Per la casa Californiana è il più importante richiamo volontario ed è dovuto a un componente difettoso fornito dal gruppo tedesco Bosch

Tesla Model S, il richiamo è un’operazione , ed è molto impegnativa per il costruttore, visto che riguarda sostanzialmente la metà della flotta venduta finora (260.000 auto). Nella relazione sulla trimestrale con la quale Elon Musk ha“maltrattato” gli analisti (il titolo è poi precipitato), si legge che per il componente incriminato la responsabilità non è in capo a Tesla e che il costruttore si aspetta una copertura dell’indennizzo da parte del fornitore.

La causa del richiamo è un bullone che potrebbe arrugginirsi, creando problemi al servosterzo, anche se finora non sono comunque stati segnalati incidenti. A fine marzo Bosch era intervenuta facendo sapere che stava lavorando congiuntamente a Tesla per risolvere il problema. Dopo la diffusione della notizia che il brand americano intende rivalersi, tuttavia, il quartier generale di Stoccarda ha deciso di non esprimersi.

La Casa californiana ha evidenziato come alcune viti del servosterzo Bosch montato sulle berline elettriche potrebbero corrodersi a causa del sale sparso sulle strade durante l’inverno. “Abbiamo notato un’eccessiva corrosione nelle viti del servosterzo” si può leggere nella mail inviata dalla Tesla ai clienti con vetture affette dal problema che si potrebbe presentare “solo nei climi freddi, in particolare dove vengono spesso utilizzati sali stradali a base di magnesio o calcio in luogo del classico cloruro di sodio”.

In caso di cedimenti lo sterzo permetterà comunque al guidatore di curvare ma, visto il malfunzionamento della servoassistenza, servirà applicare più forza sul volante. Per ovviare al problema le officine della Tesla sostituiranno parte delle scatole dello sterzo in un’operazione gratuita per il cliente che avrà una durata stimata di circa un’ora.

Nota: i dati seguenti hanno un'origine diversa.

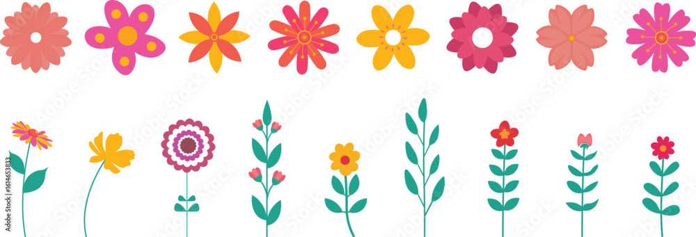 Tableau sur toile Set of cute flowers with branches and leaf's naturals

Mentre per Bosch i problemi non sembrano essere finiti, lo studio Tilp, che rappresenta un azionista del gruppo Volkswagen, lo ha coinvolto nella causa per la perdita di valore del titolo dopo l’esplosione del dieselgate. Secondo gli avvocati, poiché Bosch ha fornito il software sulla base del quale è poi stato sviluppato il cosiddetto “defeat device” sarebbe corresponsabile del crollo in Borsa. Ma, soprattutto, il coinvolgimento del fornitore implicherebbe l’obbligo di mettere a disposizione documenti e materiali che finora poteva rifiutarsi di esibire in quanto “testimone”.